# Anyone using Blk Hd Dorper's over Suffolks?



## The Old Ram-Australia

Although we have been breeding Suffolks for years ,we have purchased two Blk Headed Dorper rams to use over our maidens next fall.anybody tried it and with what results?.....................T,O,R....................


----------



## Sheepdog

We used some Dorpers over our Suffolks when we were living in Australia, however a number still had to be shorn as many only shed partially. They were a nice cross though. We then sold off the suffolks and went to straight dorper. 

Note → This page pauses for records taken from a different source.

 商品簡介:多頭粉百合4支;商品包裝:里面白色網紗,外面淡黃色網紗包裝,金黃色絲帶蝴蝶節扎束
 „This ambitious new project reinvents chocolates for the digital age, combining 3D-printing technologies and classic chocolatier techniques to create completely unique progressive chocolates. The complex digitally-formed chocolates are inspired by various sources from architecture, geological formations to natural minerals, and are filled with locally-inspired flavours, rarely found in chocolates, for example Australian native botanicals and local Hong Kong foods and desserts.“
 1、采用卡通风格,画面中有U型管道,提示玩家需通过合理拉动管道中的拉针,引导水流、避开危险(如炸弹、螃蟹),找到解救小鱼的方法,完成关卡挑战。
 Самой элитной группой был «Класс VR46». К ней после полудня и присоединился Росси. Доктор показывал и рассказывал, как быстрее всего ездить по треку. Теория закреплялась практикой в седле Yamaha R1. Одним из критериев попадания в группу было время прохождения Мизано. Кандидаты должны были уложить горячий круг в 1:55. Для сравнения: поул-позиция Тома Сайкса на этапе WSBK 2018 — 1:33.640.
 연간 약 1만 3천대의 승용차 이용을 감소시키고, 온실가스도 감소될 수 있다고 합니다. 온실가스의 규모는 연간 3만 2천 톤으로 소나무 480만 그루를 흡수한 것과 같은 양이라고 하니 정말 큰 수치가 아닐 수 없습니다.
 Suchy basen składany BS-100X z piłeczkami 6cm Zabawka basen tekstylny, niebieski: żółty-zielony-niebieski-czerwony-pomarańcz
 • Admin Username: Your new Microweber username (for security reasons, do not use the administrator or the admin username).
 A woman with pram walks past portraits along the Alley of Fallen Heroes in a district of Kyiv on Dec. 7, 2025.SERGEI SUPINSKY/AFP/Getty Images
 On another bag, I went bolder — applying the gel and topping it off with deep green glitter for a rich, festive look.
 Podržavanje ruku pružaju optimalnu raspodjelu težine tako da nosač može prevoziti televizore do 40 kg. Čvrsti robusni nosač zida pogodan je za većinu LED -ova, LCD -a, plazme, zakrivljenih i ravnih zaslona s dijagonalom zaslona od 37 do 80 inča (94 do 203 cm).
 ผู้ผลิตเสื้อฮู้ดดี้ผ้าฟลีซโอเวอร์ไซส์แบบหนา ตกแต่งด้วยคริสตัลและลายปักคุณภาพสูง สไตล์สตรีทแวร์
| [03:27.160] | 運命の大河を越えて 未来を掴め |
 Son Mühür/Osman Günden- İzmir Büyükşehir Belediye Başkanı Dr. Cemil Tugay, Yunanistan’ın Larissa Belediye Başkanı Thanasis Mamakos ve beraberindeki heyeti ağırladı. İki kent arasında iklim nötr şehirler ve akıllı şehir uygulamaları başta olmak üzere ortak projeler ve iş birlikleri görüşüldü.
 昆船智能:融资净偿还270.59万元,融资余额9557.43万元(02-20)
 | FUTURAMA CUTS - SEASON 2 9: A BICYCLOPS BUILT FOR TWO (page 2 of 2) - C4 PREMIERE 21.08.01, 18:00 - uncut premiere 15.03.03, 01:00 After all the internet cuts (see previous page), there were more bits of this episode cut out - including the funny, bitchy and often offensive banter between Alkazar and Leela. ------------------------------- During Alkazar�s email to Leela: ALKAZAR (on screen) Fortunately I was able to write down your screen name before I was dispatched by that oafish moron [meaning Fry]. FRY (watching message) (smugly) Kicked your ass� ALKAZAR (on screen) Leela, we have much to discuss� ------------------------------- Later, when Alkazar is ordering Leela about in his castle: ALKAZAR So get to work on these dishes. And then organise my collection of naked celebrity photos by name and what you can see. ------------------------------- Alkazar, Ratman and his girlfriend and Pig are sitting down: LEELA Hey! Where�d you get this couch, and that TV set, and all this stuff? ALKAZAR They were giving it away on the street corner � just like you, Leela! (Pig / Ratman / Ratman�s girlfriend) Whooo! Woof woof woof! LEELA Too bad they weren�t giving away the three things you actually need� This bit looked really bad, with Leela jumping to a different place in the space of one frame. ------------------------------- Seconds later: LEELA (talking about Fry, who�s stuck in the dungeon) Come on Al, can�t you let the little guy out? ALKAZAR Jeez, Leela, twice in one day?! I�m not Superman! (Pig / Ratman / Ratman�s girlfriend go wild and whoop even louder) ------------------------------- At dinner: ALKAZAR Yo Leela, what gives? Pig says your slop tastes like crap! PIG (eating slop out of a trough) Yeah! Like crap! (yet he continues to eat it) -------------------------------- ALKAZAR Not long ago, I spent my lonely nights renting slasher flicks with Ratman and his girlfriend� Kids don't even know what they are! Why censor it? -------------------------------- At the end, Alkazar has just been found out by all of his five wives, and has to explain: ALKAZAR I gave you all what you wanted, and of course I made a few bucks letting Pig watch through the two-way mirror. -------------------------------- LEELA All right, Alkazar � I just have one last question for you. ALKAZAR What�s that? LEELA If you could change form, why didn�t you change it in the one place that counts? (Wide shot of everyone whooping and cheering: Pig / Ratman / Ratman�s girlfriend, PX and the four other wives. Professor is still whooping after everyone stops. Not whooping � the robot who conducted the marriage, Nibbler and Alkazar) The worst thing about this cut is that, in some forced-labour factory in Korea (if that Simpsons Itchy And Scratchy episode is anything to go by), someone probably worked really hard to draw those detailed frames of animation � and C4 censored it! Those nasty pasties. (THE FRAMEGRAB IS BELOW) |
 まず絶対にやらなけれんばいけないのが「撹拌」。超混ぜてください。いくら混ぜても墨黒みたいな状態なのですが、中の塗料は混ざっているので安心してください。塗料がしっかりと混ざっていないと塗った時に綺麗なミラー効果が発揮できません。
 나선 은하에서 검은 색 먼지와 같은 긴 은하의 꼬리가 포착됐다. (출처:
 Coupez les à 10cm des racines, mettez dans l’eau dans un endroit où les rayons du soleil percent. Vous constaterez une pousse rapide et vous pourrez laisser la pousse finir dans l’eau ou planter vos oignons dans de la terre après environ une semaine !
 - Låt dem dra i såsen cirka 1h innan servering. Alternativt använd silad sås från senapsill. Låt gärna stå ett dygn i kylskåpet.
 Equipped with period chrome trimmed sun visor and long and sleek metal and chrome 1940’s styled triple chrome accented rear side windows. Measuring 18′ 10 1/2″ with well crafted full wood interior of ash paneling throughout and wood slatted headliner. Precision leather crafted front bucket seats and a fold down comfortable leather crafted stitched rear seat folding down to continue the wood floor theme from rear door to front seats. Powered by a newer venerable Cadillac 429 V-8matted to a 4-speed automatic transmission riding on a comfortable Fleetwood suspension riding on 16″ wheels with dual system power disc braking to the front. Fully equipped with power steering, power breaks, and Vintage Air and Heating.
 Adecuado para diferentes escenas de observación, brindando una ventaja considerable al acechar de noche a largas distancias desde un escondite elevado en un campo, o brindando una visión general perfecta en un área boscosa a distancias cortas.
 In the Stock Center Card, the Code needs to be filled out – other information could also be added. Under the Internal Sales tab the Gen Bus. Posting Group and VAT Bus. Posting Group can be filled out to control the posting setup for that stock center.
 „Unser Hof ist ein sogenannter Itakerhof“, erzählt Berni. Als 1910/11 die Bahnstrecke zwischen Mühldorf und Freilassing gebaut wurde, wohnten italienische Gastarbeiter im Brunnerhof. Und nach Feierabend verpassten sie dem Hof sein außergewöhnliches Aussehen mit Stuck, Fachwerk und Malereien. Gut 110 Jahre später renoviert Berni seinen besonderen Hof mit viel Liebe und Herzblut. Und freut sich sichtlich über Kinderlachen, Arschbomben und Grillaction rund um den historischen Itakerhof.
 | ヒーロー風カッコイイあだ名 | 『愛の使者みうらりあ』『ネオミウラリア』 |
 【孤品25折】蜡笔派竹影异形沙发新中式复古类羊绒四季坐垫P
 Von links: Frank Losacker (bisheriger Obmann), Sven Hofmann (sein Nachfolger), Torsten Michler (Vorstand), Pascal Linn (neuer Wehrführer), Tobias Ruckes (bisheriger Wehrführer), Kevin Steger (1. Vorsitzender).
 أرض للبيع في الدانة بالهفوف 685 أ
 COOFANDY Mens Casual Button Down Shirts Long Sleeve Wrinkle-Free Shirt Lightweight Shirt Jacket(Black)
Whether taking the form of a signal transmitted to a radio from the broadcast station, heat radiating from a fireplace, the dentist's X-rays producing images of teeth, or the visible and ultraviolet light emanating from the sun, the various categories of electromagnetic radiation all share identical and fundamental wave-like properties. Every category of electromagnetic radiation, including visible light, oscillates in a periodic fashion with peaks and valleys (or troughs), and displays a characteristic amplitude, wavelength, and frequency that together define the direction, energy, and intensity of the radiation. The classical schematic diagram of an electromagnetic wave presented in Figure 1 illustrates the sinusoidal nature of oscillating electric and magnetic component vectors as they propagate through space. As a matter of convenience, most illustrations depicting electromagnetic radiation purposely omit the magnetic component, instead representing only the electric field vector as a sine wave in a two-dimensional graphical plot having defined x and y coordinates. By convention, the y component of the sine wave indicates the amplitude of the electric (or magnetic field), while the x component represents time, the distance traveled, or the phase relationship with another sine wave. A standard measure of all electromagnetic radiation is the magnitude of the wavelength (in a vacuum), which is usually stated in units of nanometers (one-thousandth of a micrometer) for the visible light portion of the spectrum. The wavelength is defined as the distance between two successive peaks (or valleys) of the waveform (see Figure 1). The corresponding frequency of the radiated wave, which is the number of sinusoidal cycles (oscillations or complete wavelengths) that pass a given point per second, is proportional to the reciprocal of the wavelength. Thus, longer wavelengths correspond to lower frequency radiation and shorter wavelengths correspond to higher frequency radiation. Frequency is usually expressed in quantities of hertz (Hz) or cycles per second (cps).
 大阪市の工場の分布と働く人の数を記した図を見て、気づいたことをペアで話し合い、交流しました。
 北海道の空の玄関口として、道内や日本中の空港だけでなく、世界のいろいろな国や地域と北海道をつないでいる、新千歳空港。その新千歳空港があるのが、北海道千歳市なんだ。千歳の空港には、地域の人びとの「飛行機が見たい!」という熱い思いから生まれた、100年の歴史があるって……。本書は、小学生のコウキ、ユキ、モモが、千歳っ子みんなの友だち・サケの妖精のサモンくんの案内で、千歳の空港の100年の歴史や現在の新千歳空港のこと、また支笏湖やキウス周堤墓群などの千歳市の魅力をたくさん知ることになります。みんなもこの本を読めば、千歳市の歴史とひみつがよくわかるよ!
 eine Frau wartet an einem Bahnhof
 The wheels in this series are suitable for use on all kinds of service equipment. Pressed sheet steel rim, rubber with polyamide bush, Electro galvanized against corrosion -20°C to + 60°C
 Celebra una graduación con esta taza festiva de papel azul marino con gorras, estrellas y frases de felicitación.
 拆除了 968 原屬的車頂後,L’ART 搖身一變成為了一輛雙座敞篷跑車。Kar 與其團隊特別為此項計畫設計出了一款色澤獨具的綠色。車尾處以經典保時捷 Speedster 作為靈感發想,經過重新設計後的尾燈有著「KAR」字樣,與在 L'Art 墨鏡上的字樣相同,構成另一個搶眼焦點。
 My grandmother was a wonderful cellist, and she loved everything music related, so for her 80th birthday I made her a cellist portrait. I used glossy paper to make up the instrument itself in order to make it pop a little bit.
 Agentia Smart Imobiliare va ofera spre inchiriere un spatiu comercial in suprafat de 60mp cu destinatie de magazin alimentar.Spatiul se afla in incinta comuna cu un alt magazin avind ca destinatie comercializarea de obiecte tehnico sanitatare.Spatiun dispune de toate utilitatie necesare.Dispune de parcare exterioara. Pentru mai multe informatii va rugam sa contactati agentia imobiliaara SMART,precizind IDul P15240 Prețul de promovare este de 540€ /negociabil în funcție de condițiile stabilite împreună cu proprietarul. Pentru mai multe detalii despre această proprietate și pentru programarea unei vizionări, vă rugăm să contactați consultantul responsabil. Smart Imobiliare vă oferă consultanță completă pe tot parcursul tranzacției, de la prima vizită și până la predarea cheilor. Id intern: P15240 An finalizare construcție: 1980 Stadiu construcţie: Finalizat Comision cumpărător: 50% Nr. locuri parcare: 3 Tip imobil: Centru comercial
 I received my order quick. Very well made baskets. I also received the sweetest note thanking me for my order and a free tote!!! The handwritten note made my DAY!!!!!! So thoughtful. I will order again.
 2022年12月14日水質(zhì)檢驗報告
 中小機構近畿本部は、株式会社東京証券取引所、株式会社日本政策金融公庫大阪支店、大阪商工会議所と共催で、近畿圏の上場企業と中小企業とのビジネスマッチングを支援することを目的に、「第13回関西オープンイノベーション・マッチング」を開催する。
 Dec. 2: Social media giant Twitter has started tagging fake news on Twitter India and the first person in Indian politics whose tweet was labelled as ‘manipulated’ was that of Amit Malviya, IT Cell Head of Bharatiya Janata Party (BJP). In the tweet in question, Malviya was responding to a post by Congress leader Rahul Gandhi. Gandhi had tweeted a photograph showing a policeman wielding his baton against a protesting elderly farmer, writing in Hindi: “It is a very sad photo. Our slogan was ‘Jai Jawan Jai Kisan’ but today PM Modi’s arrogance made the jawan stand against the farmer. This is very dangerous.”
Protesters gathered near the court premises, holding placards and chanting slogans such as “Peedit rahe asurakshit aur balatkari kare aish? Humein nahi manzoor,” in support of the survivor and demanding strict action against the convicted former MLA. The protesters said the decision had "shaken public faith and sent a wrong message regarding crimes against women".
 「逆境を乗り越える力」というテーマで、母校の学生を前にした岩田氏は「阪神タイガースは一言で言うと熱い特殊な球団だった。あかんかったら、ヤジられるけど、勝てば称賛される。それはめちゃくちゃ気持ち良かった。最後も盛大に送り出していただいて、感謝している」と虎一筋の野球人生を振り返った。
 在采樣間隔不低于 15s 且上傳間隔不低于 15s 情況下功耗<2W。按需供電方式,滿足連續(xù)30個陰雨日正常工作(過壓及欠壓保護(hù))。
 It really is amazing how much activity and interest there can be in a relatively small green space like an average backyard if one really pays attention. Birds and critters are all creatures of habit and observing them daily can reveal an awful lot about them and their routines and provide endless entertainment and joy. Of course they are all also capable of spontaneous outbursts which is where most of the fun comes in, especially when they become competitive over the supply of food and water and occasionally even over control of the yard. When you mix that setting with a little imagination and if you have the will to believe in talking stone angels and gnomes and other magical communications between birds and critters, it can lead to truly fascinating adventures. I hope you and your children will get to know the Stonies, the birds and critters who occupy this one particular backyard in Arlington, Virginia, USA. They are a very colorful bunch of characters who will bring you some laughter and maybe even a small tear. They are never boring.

As much as I love the Suffolk as it was what I grew up with, the hair sheep are so much easier. I know a lot of people who have crossed dorper with Suffolk or Dorset and most of them eventually sell off the wool meat sheep and go entirely with the hair sheep for the ease of not having to shear.


----------



## The Old Ram-Australia

G'day sheepdog,thanks for the reply ,what was the difference in conformation observed on the first and second crosses?...Did you find that the lambs "matured faster"?I want to out-cross twice (second X father to daughter ) and then go back to the Suffolk.
.........................T.O.R.........................


----------



## Sheepdog

The Old Ram-Australia said:
			
		

> G'day sheepdog,thanks for the reply ,what was the difference in conformation observed on the first and second crosses?...Did you find that the lambs "matured faster"?I want to out-cross twice (second X father to daughter ) and then go back to the Suffolk.
> .........................T.O.R.........................


Hi Old Ram,

We mostly had 1st crossed though we did keep some and experimented with second crosses. The dorper really stamps the type.... the lambs definitely matured faster and the second cross was even better. For some reason dorper rams seem to be quite prepotent sires in that the progeny generally always more dorper looking than the dam.... no matter what they are crossed with... and the Dorper (black headed) seems to almost always throw a black head to its progeny no matter what they are crossed with. Our suffolks were a good size and meaty but the Dorper really added extra muscling... especially hind quarters and shoulders. And because of the black face of the Suffolk, I can honestly say that every single one of our Dorper X Suffolks had a black head... 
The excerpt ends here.